For larger contributions, follow these steps:

  1. Create a GitHub IssueOpen a Contribution Request using the template.

  2. Describe the Problem – Explain what you're solving, including context, error messages, or use cases.

  3. Propose a Solution – Include:

    • Estimated PR size: XS / S / M / L / XL / XXL
    • Files affected: Approximate number and components
    • Type of change: Bug fix, new feature, refactoring, or performance improvement
  4. Get Approval – Wait for Dynamo maintainers to review and apply the approved-for-pr label.

  5. Submit a Pull RequestOpen a PR that references the issue using GitHub keywords (e.g., "Fixes #123").

  6. Address Code Rabbit Review – Respond to automated Code Rabbit suggestions, including nitpicks.

  7. Trigger CI Tests – For external contributors, a Dynamo maintainer must comment /ok to test <commit-id> to run the full CI suite, where <commit-id> is the short SHA of your latest commit. Fix any failing tests before requesting human review.
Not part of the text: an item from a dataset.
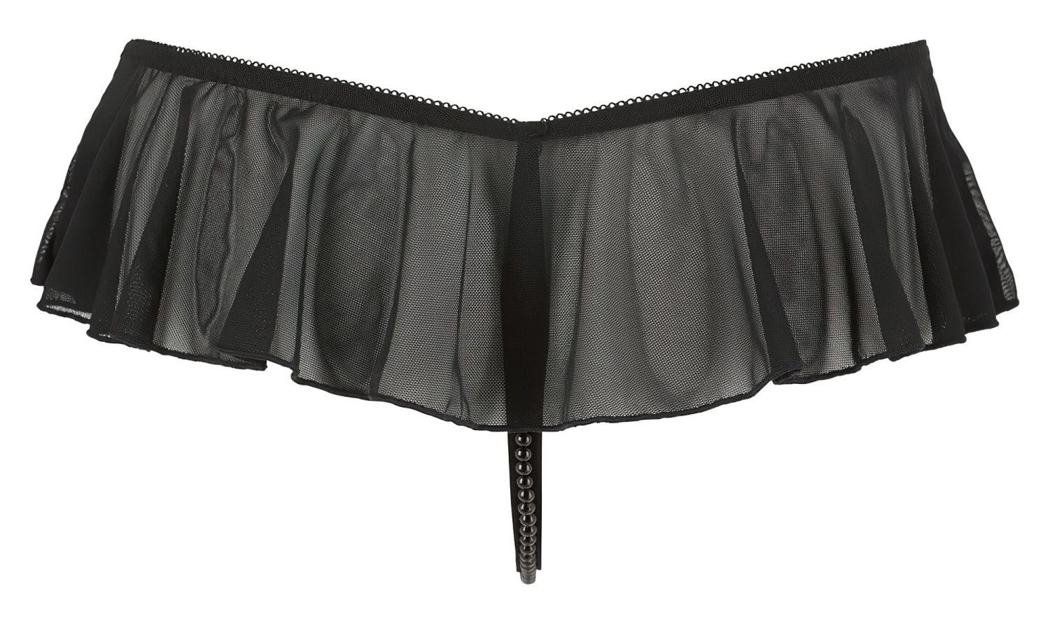Cottelli - chiloți tanga negri deschiși, cu mărgele și volănașe - XL

  8. Request Review – Add the person who approved your issue as a reviewer. Check CODEOWNERS for required approvers based on files modified.

Note on AI-Generated Code: While we encourage using AI tools, you must fully understand every change in your PR. Inability to explain submitted code will result in rejection.


Code Style & Quality

Pre-commit Hooks

All PRs are checked against pre-commit hooks. Run locally:

pre-commit install
pre-commit run --all-files

Language Conventions

Language Style Guide Formatter
Python PEP 8 black, ruff
Rust Rust API Guidelines cargo fmt, cargo clippy
Go Effective Go gofmt

General Guidelines

  • Keep PRs focused—one concern per PR
  • Avoid unnecessary complexity
  • No commented-out code
  • Ensure clean builds (no warnings or errors)
  • All tests must pass

Running GitHub Actions Locally

Use act to run workflows locally:

act -j pre-merge-rust

Or use the GitHub Local Actions VS Code extension.


DCO & Licensing

Developer Certificate of Origin

Dynamo requires all contributions to be signed off with the Developer Certificate of Origin (DCO). This certifies that you have the right to submit your contribution under the project's Apache 2.0 license.

Each commit must include a sign-off line:

Signed-off-by: Jane Smith <jane.smith@email.com>

Add this automatically with the -s flag:

git commit -s -m "fix: your descriptive message"

Requirements:

  • Use your real name (no pseudonyms or anonymous contributions)
  • Your user.name and user.email must be configured in git

⚠️ DCO Check Failed? See our DCO Troubleshooting Guide for step-by-step instructions to fix it.

License

By contributing, you agree that your contributions will be licensed under the Apache 2.0 License.


Getting Help

Thank you for contributing to Dynamo!